## What you will do
Output the entries exactly as they appear. Pictures should not be included.

[Collected data entries]
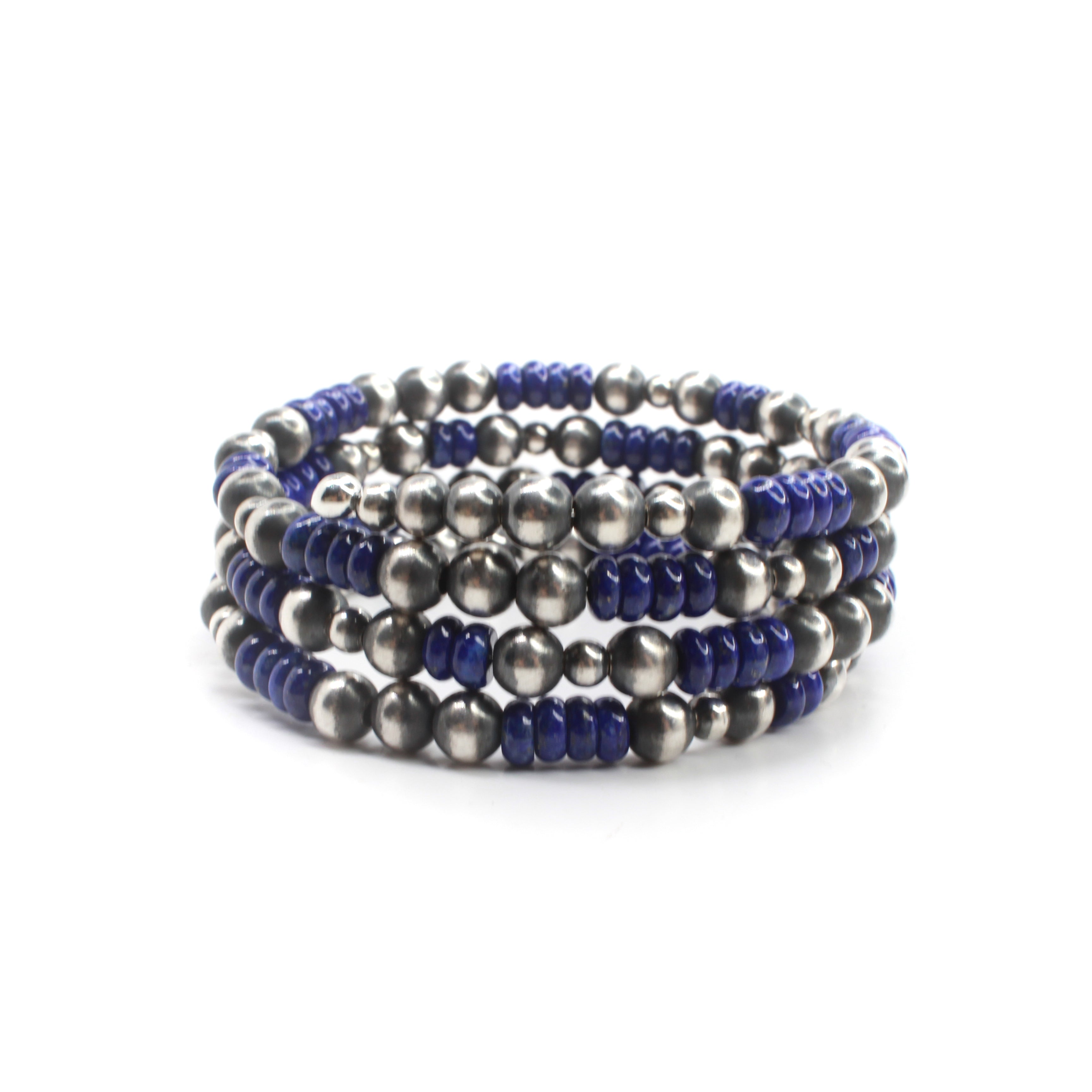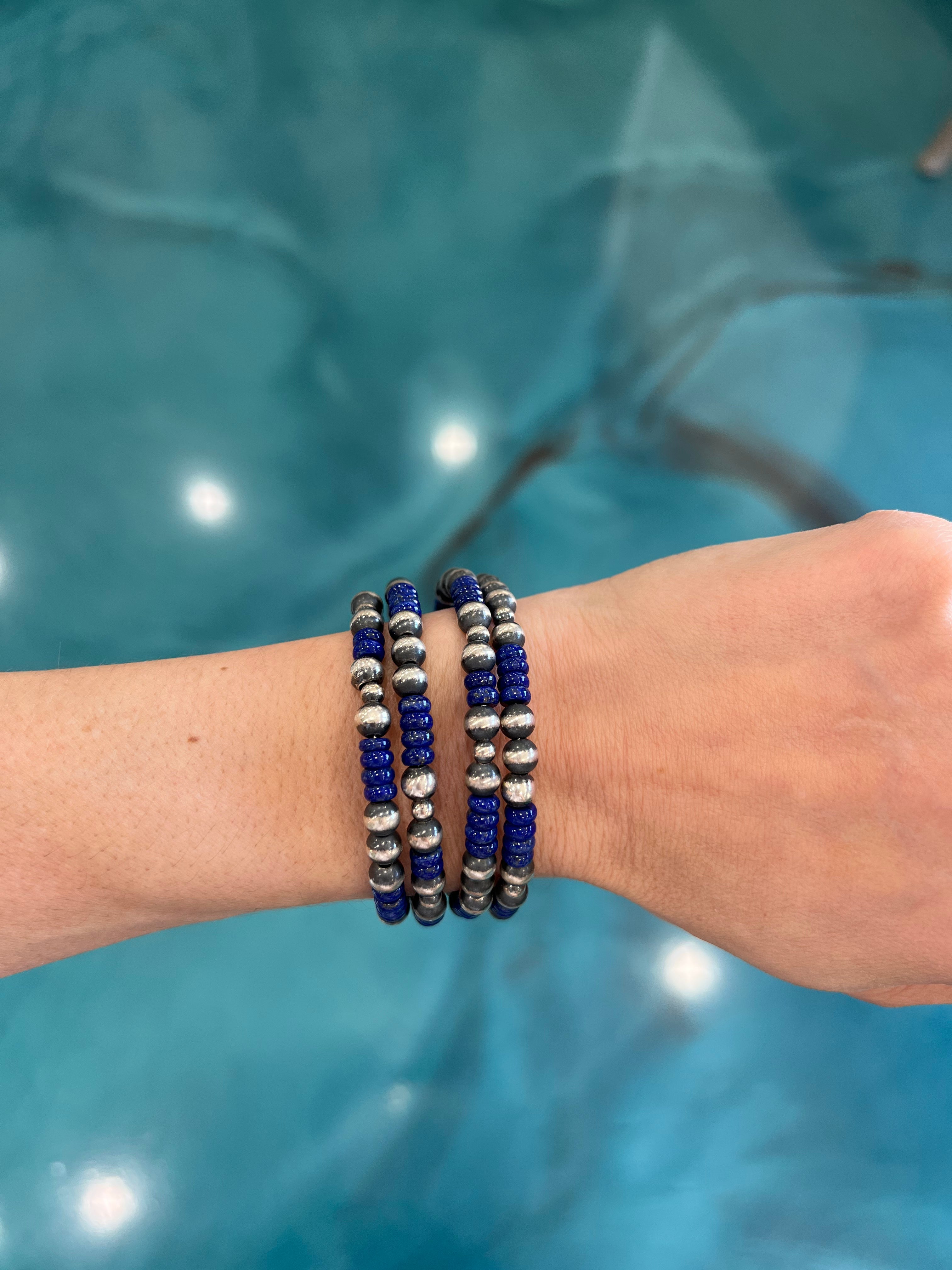 6mm Memory Wire Navajo Pearl Bracelet - Lapis
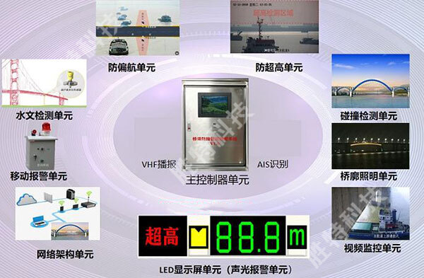 橋梁防撞智能主動預(yù)警系統(tǒng)是一個多功能的橋梁船舶防撞綜合監(jiān)控系統(tǒng),采用激光對過往船只探測、熱成像監(jiān)測船舶是否偏離航道、電子圍欄預(yù)警航道偏離、AIS船舶身份識別預(yù)警、VHF無線電預(yù)警等現(xiàn)代智能技術(shù),通過視頻監(jiān)控、無線數(shù)據(jù)傳輸、聲光報(bào)警等方式對橋梁防船撞做出提前預(yù)警。
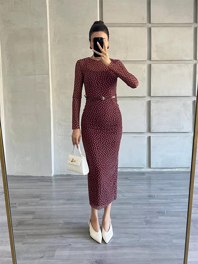 İnce Kemerli Puantiyeli Elbise Mürdüm (W25W-KUZ-00025)
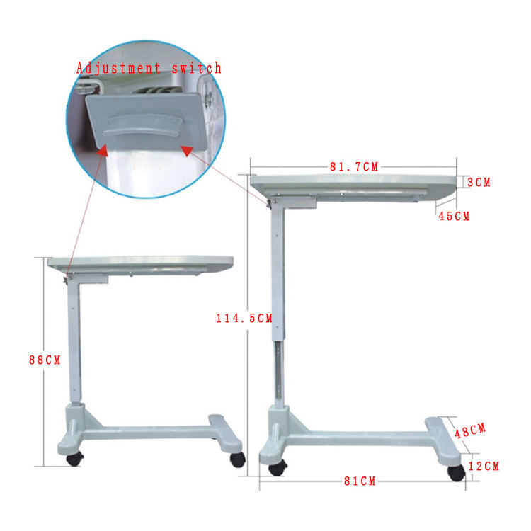 โต๊ะพยาบาลเคลื่อนย้ายได้โต๊ะทานอาหารข้างเตียงเคลื่อนย้ายได้ทำจากวัสดุ ABS ใช้ในห้องครัว
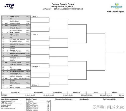 與此同時(shí),在本周進(jìn)行的級(jí)別最低的德拉海灘站,一眾美國(guó)球員可謂傾巢出動(dòng),包括弗里茨、保羅、勒納錢、蒂亞福等。首輪也有不少焦點(diǎn)對(duì)話,像前美網(wǎng)冠軍西里奇將對(duì)陣布蘭登中島,科達(dá)則迎戰(zhàn)持外卡參賽的布魯克斯比等等。另外,意大利人科波利、挪威一哥魯?shù)隆⑸虾4髱熧惞谲娡呱崃_、衛(wèi)冕冠軍凱茨瑪諾維奇也都聯(lián)袂出戰(zhàn)。
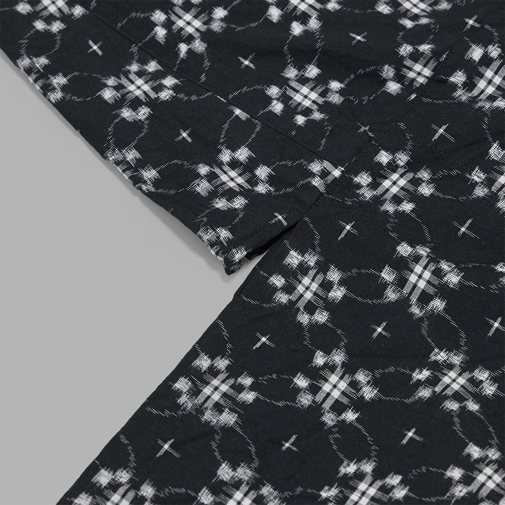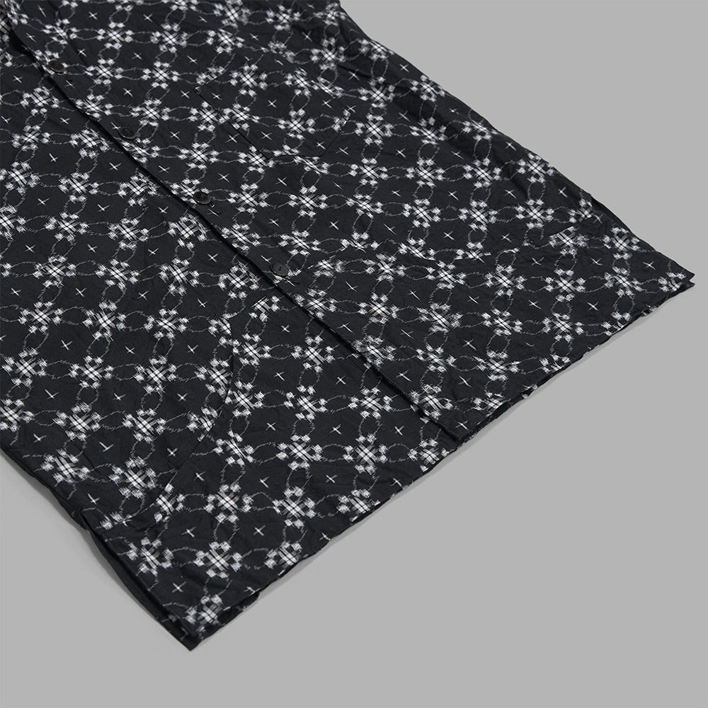 型は、1950年代のワークシャツと着物から着想を得た直線的なパターンを採用しています。全体的に程よくゆとりを持たせつつも、着丈をすっきりさせたサイズバランスで作製されたシャツジャケット型です。前立てのトップボタン部分はボタンではなく、フックのつく仕様です。前面の裾に配されたポケットは機能的に仕切られているだけでなく、デザイン性も兼ね備えています。
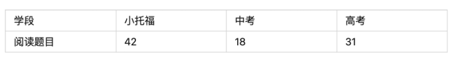 以下是小托福、中考、高考阅读题量之间的对比:
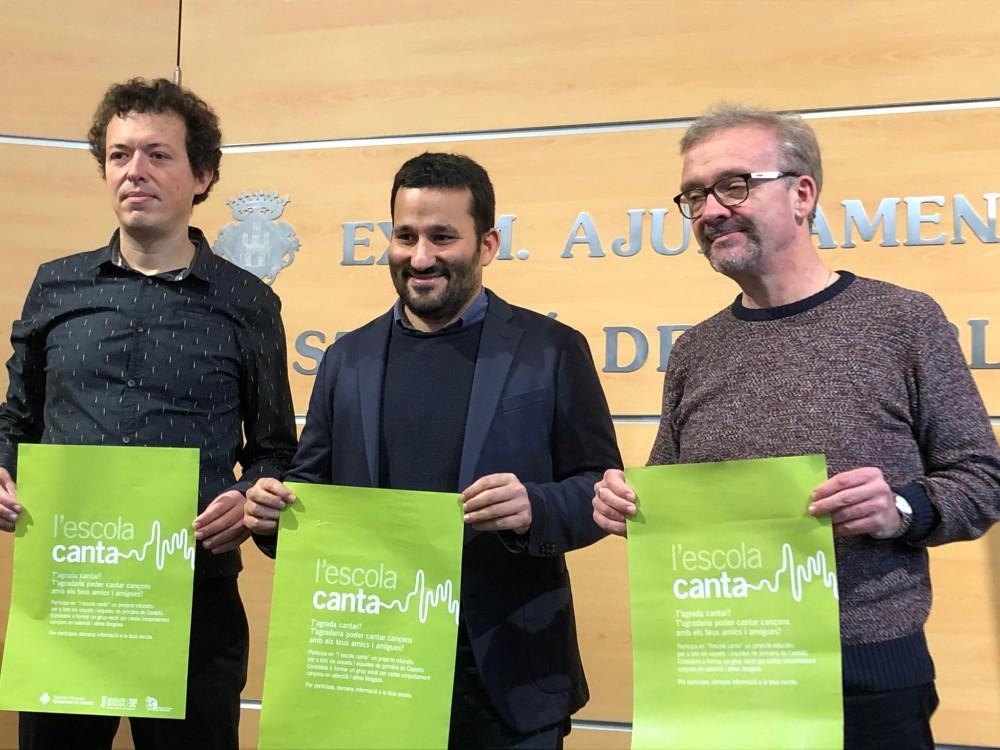 El conseller d'Educació, Cultura i Esport, Vicent Marzà i el regidor d'Educació de l'Ajuntament de Castelló, Francesc Mezquita han presentat a Castelló la tercera edició de 'L'escola canta', un recurs d'innovació educativa centrat en els valors de treball en equip i en el desenvolupament de competències en matèria plurilingüe a través de la música.
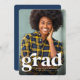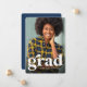 With a bold retro grad in white, this vertical one-photo card is the perfect way to announce your graduate to family and friends. The vintage styling is subtle and simple for this graduation announcement and perfectly on trend for this graduating class. The back of this card is navy blue with a speckled texture. The blue colour can be changed by clicking "customise further."
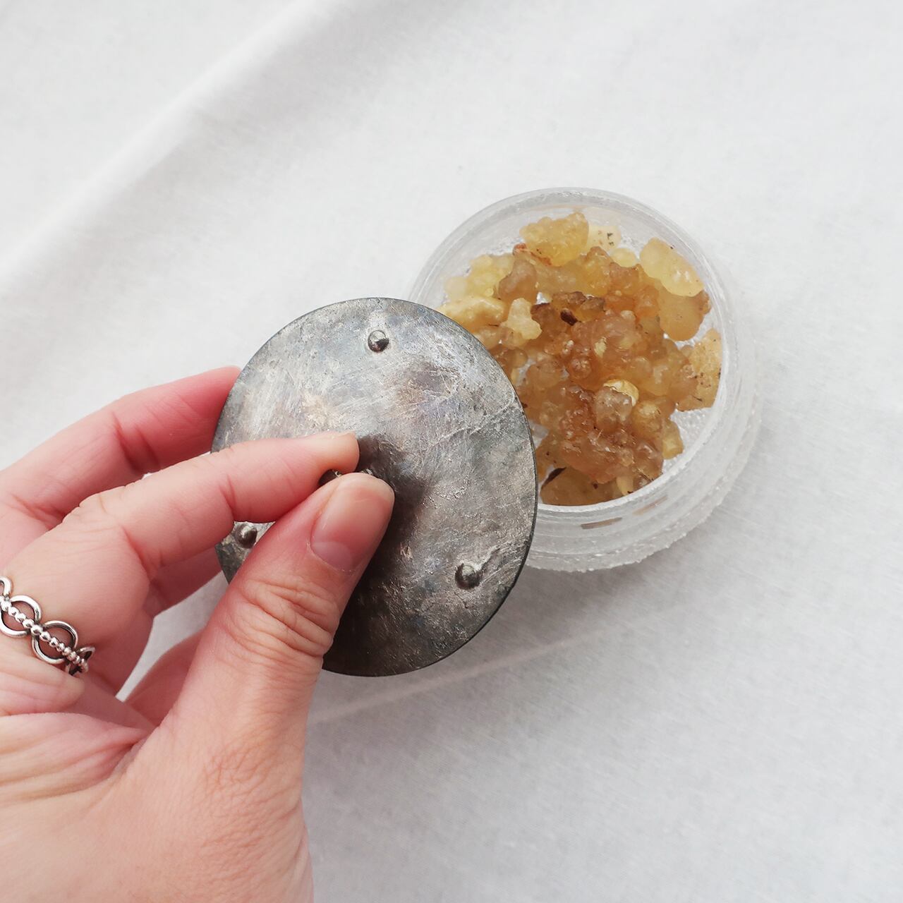 ガラスに乳香の天然樹脂をころりと入れて、日々、2,3滴の精油を垂らして馴染ませ、空間に香りを漂わせます。
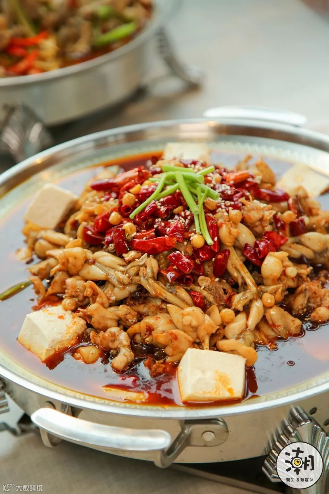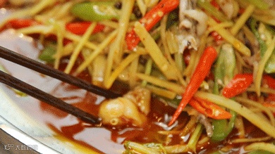 牛蛙和豆花在麻辣汤底里一直热着翻滚着
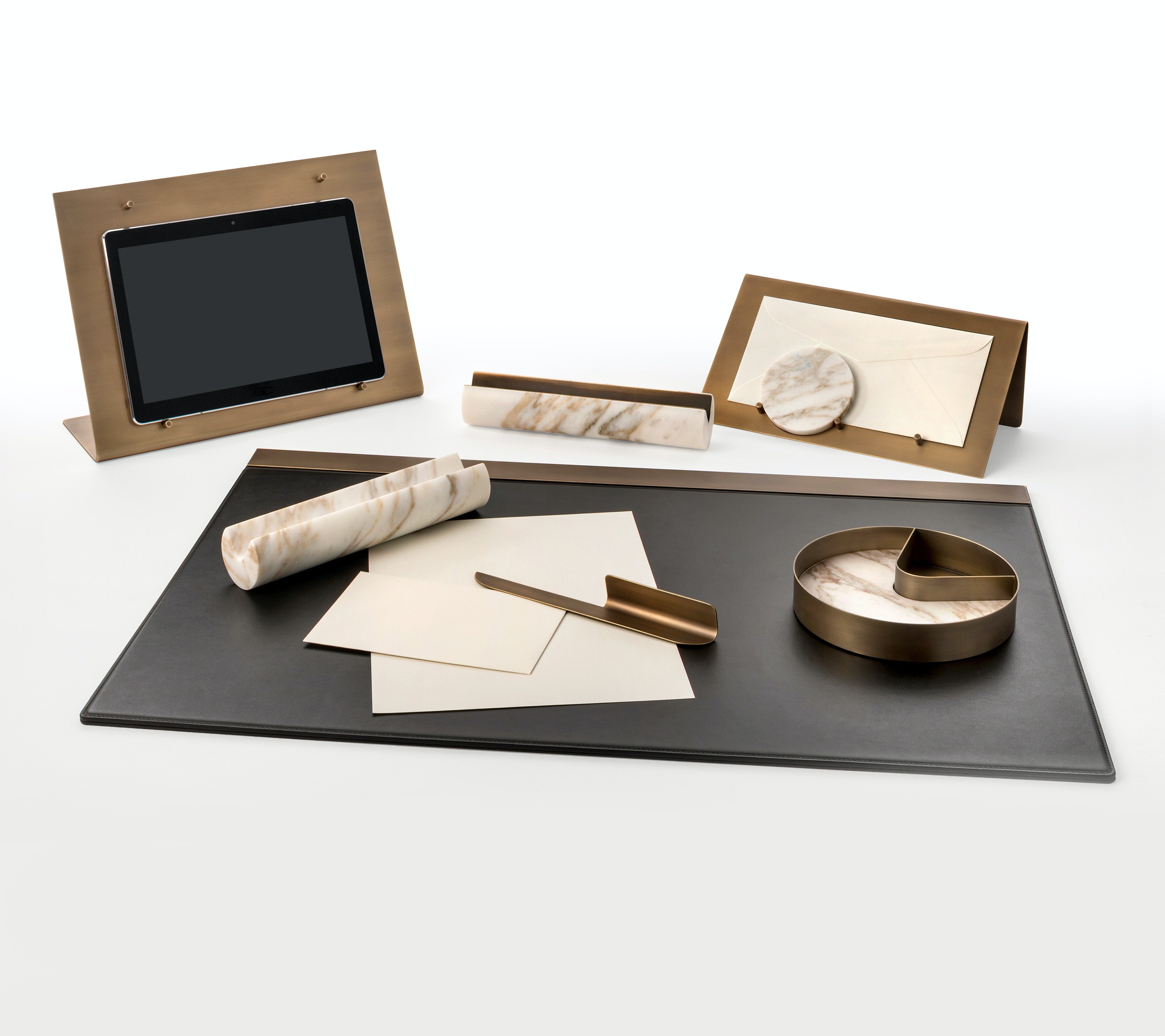 ‘Balancing’ is a series of distinctive and contemporary statement objects for the desk, transforming an everyday workspace into a stylish and inspiring environment. The starting point, which gave its name to the collection, is the pen holder which oscillates gently whilst maintaining its balance. This concept of dynamic balance was then applied and reinterpreted in di?erent keys throughout the collection of 9 pieces, which includes a tablet holder, letter opener, document holder and paperweight.
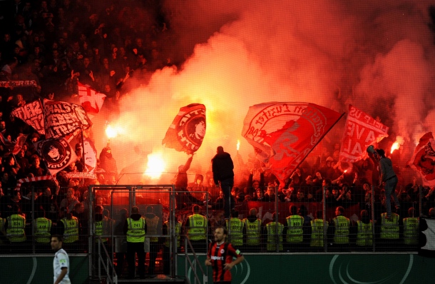 Dumm nur, wenn die gezeigten Fans nachweislich aus Kaiserslautern kommen. Wie man unschwer an der Fahne der Generation Luzifer erkennen kann: Hier der Screenshot des Bildes, etwas größer:
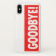 ¡ADIÓS! ¡es inspirado por una celebridad que lleva a cabo una caja similar del teléfono cuando ella se blindaba de los paparazzis! Éste es un caso divertido que ofrece un fondo blanco con una etiqueta roja y una fuente blanca de sans serif. ¡Envíe un gran mensaje a la gente que usted no quiere hablar con más o sus enemigos! ¡ADIÓS!
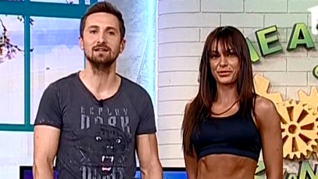 Dani Oţil a fost umit să vadă că tânăra, care este antrenor de fitness şi colaborează cu Neby, ştie că înainte de sport trebuie să se hrănească sănătos şi să vadă că abdomenul ei este un pachet de muşchi.

## Solution below
 6mm Memory Wire Navajo Pearl Bracelet - Lapis
 橋梁防撞智能主動預(yù)警系統(tǒng)是一個多功能的橋梁船舶防撞綜合監(jiān)控系統(tǒng),采用激光對過往船只探測、熱成像監(jiān)測船舶是否偏離航道、電子圍欄預(yù)警航道偏離、AIS船舶身份識別預(yù)警、VHF無線電預(yù)警等現(xiàn)代智能技術(shù),通過視頻監(jiān)控、無線數(shù)據(jù)傳輸、聲光報(bào)警等方式對橋梁防船撞做出提前預(yù)警。
 İnce Kemerli Puantiyeli Elbise Mürdüm (W25W-KUZ-00025)
 โต๊ะพยาบาลเคลื่อนย้ายได้โต๊ะทานอาหารข้างเตียงเคลื่อนย้ายได้ทำจากวัสดุ ABS ใช้ในห้องครัว
 與此同時(shí),在本周進(jìn)行的級(jí)別最低的德拉海灘站,一眾美國(guó)球員可謂傾巢出動(dòng),包括弗里茨、保羅、勒納錢、蒂亞福等。首輪也有不少焦點(diǎn)對(duì)話,像前美網(wǎng)冠軍西里奇將對(duì)陣布蘭登中島,科達(dá)則迎戰(zhàn)持外卡參賽的布魯克斯比等等。另外,意大利人科波利、挪威一哥魯?shù)隆⑸虾4髱熧惞谲娡呱崃_、衛(wèi)冕冠軍凱茨瑪諾維奇也都聯(lián)袂出戰(zhàn)。
 型は、1950年代のワークシャツと着物から着想を得た直線的なパターンを採用しています。全体的に程よくゆとりを持たせつつも、着丈をすっきりさせたサイズバランスで作製されたシャツジャケット型です。前立てのトップボタン部分はボタンではなく、フックのつく仕様です。前面の裾に配されたポケットは機能的に仕切られているだけでなく、デザイン性も兼ね備えています。
 以下是小托福、中考、高考阅读题量之间的对比:
 El conseller d'Educació, Cultura i Esport, Vicent Marzà i el regidor d'Educació de l'Ajuntament de Castelló, Francesc Mezquita han presentat a Castelló la tercera edició de 'L'escola canta', un recurs d'innovació educativa centrat en els valors de treball en equip i en el desenvolupament de competències en matèria plurilingüe a través de la música.
 With a bold retro grad in white, this vertical one-photo card is the perfect way to announce your graduate to family and friends. The vintage styling is subtle and simple for this graduation announcement and perfectly on trend for this graduating class. The back of this card is navy blue with a speckled texture. The blue colour can be changed by clicking "customise further."
 ガラスに乳香の天然樹脂をころりと入れて、日々、2,3滴の精油を垂らして馴染ませ、空間に香りを漂わせます。
 牛蛙和豆花在麻辣汤底里一直热着翻滚着
 ‘Balancing’ is a series of distinctive and contemporary statement objects for the desk, transforming an everyday workspace into a stylish and inspiring environment. The starting point, which gave its name to the collection, is the pen holder which oscillates gently whilst maintaining its balance. This concept of dynamic balance was then applied and reinterpreted in di?erent keys throughout the collection of 9 pieces, which includes a tablet holder, letter opener, document holder and paperweight.
 Dumm nur, wenn die gezeigten Fans nachweislich aus Kaiserslautern kommen. Wie man unschwer an der Fahne der Generation Luzifer erkennen kann: Hier der Screenshot des Bildes, etwas größer:
 ¡ADIÓS! ¡es inspirado por una celebridad que lleva a cabo una caja similar del teléfono cuando ella se blindaba de los paparazzis! Éste es un caso divertido que ofrece un fondo blanco con una etiqueta roja y una fuente blanca de sans serif. ¡Envíe un gran mensaje a la gente que usted no quiere hablar con más o sus enemigos! ¡ADIÓS!
 Dani Oţil a fost umit să vadă că tânăra, care este antrenor de fitness şi colaborează cu Neby, ştie că înainte de sport trebuie să se hrănească sănătos şi să vadă că abdomenul ei este un pachet de muşchi.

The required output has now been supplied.